つまり、ケトン食を長く続けるほど様々な精神的、感情的に幸福度が向上することになります。
ケトーシス、つまりケトン体値のレベルとの関連はどの項目も関連はありませんでした。
測定 | 項目 | ケトン食の違い |
---|---|---|
Bond Lader ビジュアルアナログスケール | 注意力 | ↑ |
満足感 | ↑ | |
落ち着き | ↑ | |
知覚ストレススケール | ストレス(認知) | ↓ |
うつ病、不安、ストレススケール | うつ | ↓ |
不安 | ↓ | |
ストレス(感情的) | ↓ | |
孤独 | 孤独 | ↓ |
上の表はケトン食による変化のまとめです。ケトン食は他の食事と比べて、落ち着き、満足感、注意力などの気分を改善し、不安やうつ感が少なく、知覚的および感情的ストレスが低くなります。孤独感も少なくなります。
つまり、糖質制限は身体的な健康だけでなく、精神的な健康にも大きな利益を与える食事だと言えるのです。

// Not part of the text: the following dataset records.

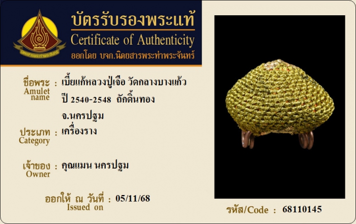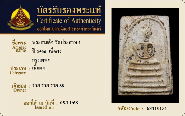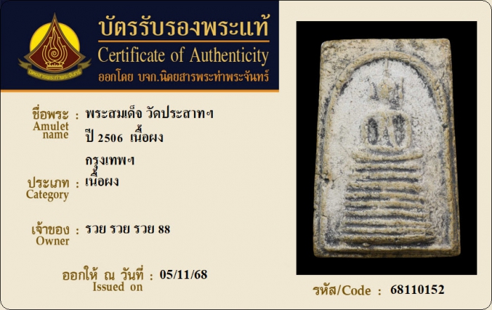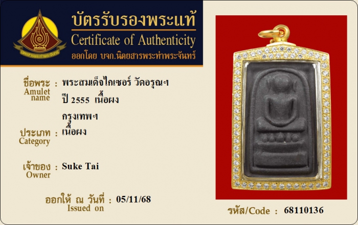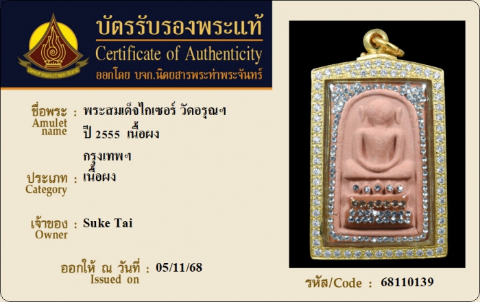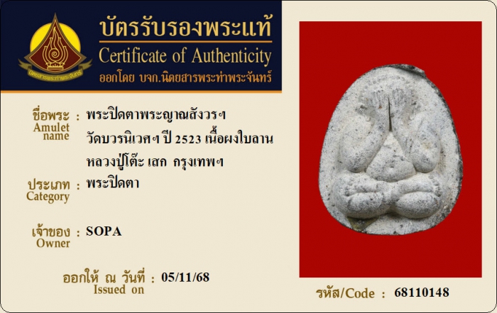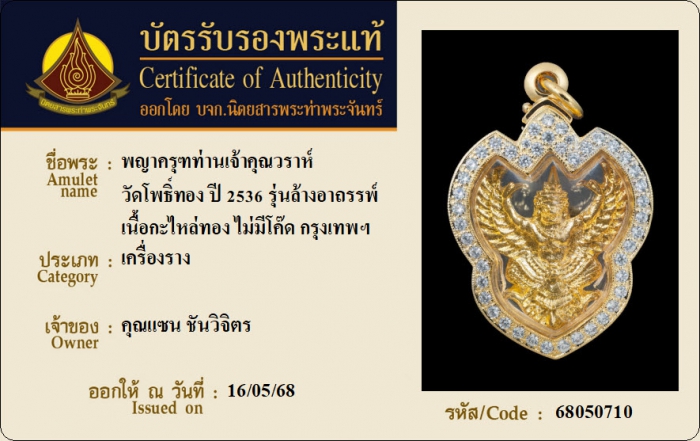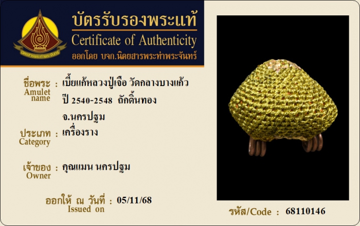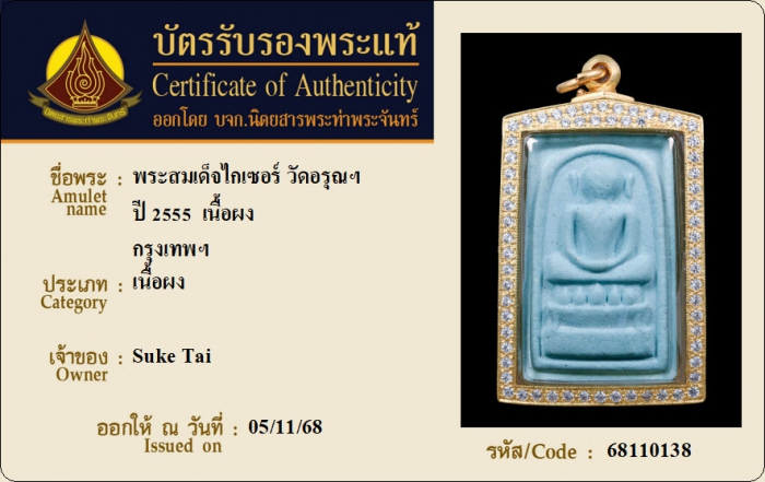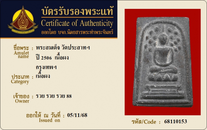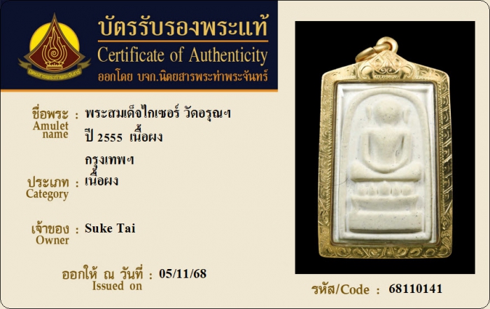 ค้นหาใบการันตีพระแท้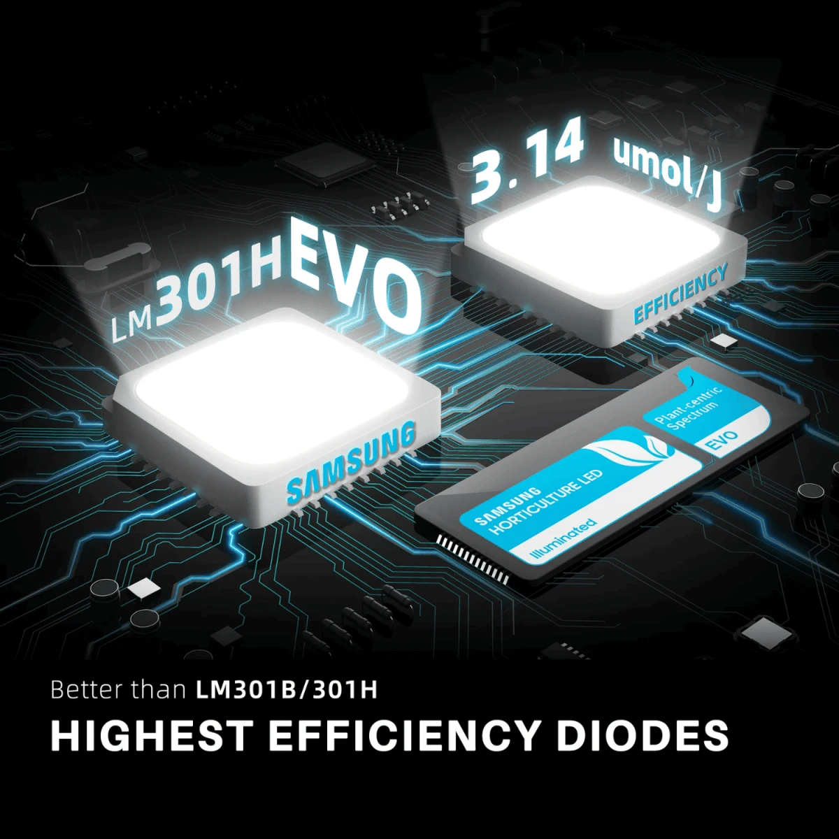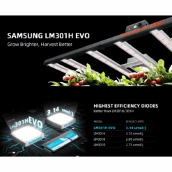 The Spider Farmer SE5000 delivers professional-grade lighting with advanced Samsung LM301H EVO diodes for enhanced plant growth and higher yields. This energy-efficient LED grow light is perfect for 3’x3′ to 4’x4′ coverage areas, ensuring consistent, even light distribution. Its full spectrum design supports plants through all growth stages, while efficient cooling and daisy chain dimming features make it ideal for both personal and commercial setups.
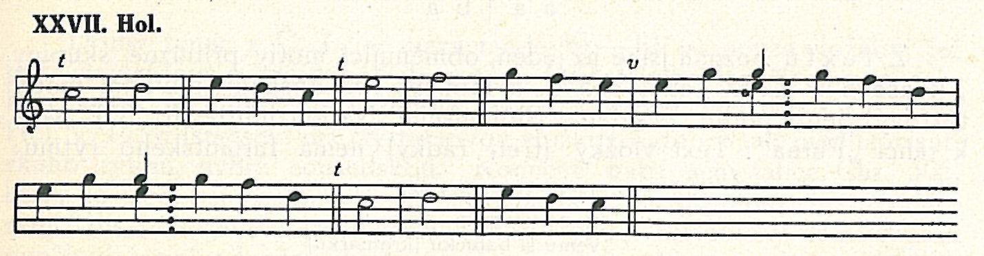Vložka ta je u Hol. V. 139 čtyřtaktová, opakujíc dvoutaktový motivek, takže možno tuto formu ještě považovati za „zkrácenou trojdílnou"; u dvou dalších jest však jen dvoutaktová, takže celková forma je dvojdílná: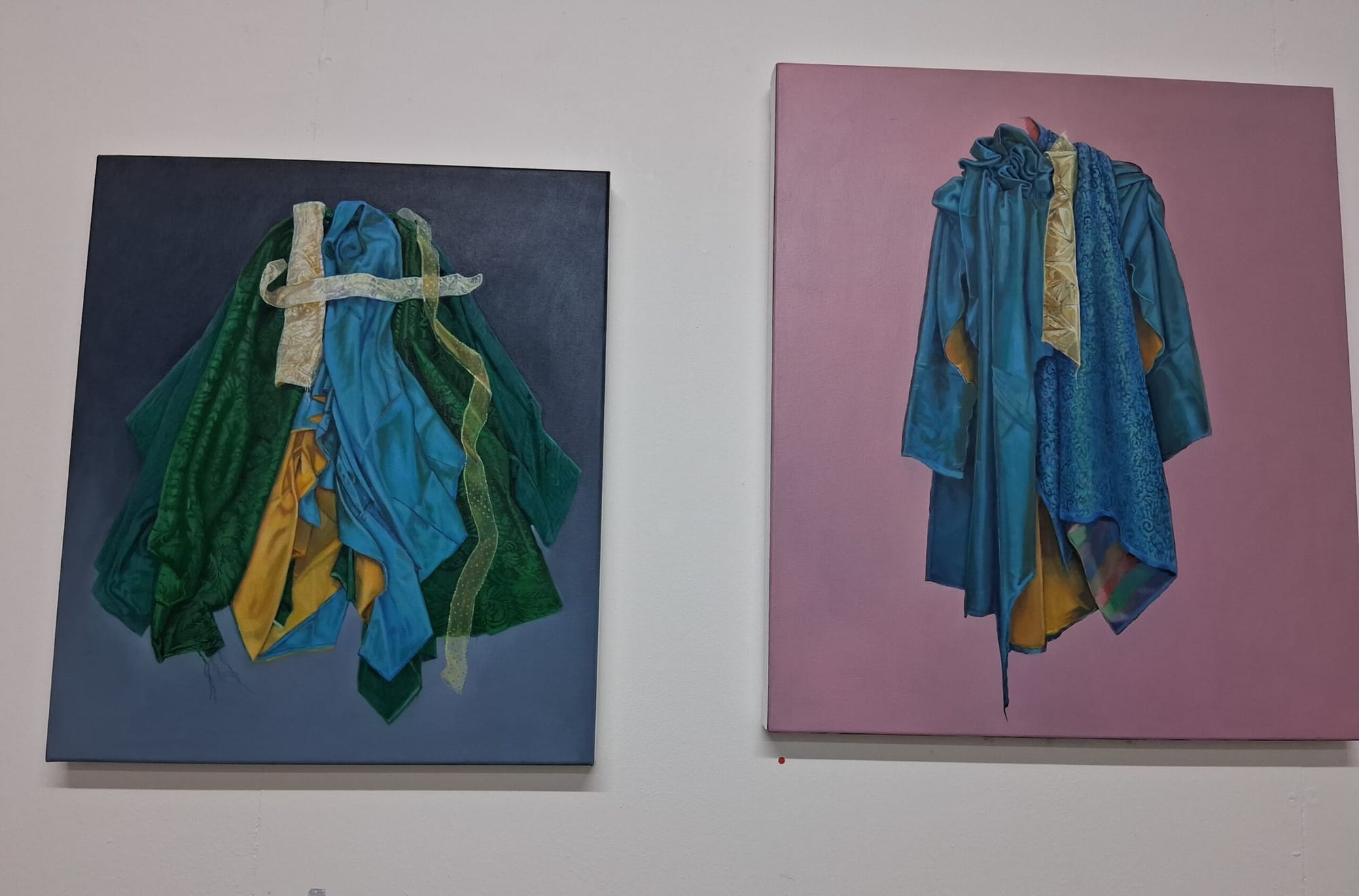 Upstairs were quite a few more studios, one of which was occupied by Jillian Eldridge. A lovely array of colourful fabric greeted the visitors, a lot of sensual Indian material of gold, blue, a special green and more. Jillian's paintings were of these textiles but arranged in a wonderful way looking like a dress or shawl but as she explained, she just drapes them as she feels like it and then paints the result. She showed in this year's Summer Exhibition at the Royal Academy.

精神的、感情的に不安定になる場合、それはもしかしたら食事によるものかもしれません。実際に糖質過剰摂取では血糖値が乱高下し、機能性低血糖なども起こる可能性が高くなります。機能性低血糖では不安になったり、落ち着きがなくなったり、注意力が低下したりします。
気分が落ち込む前に、まずは糖質制限ですね。
「Ketogenic Diet has a positive association with mental and emotional well-being in the general population」
「ケトン食は、一般の人々の精神的および感情的な幸福と正の関連性を持っている」(原文はここ)
以前は、運動継続で感情コントロールを
維持していましたが、
糖質制限も始めてからは、
感情面だけでなく、認知面にも
良い影響を実感しています。
鈴木武彦さん、コメントありがとうございます。
糖質制限、本当に良いことばかりですね。
やらないのがもったいないです。
清水先生 いつもありがとうございます
私は糖質制限するまでは仕事のストレスで不眠や抜け毛や酷く、笑顔作ることも殆ど無かったのですが、今はよく眠れるようになり抜け毛もなくなり笑顔も増えました。
作り笑いでも意識的に笑顔を作るとひとは幸せホルモンのセレトニンが分泌されて、幸せな気分になるそうです
いのっちさん、コメントありがとうございます。
糖質制限での様々な改善良かったですね。
セロトニンが幸せホルモンであるかどうかは、ちょっと疑っていますが、笑顔は良いですね。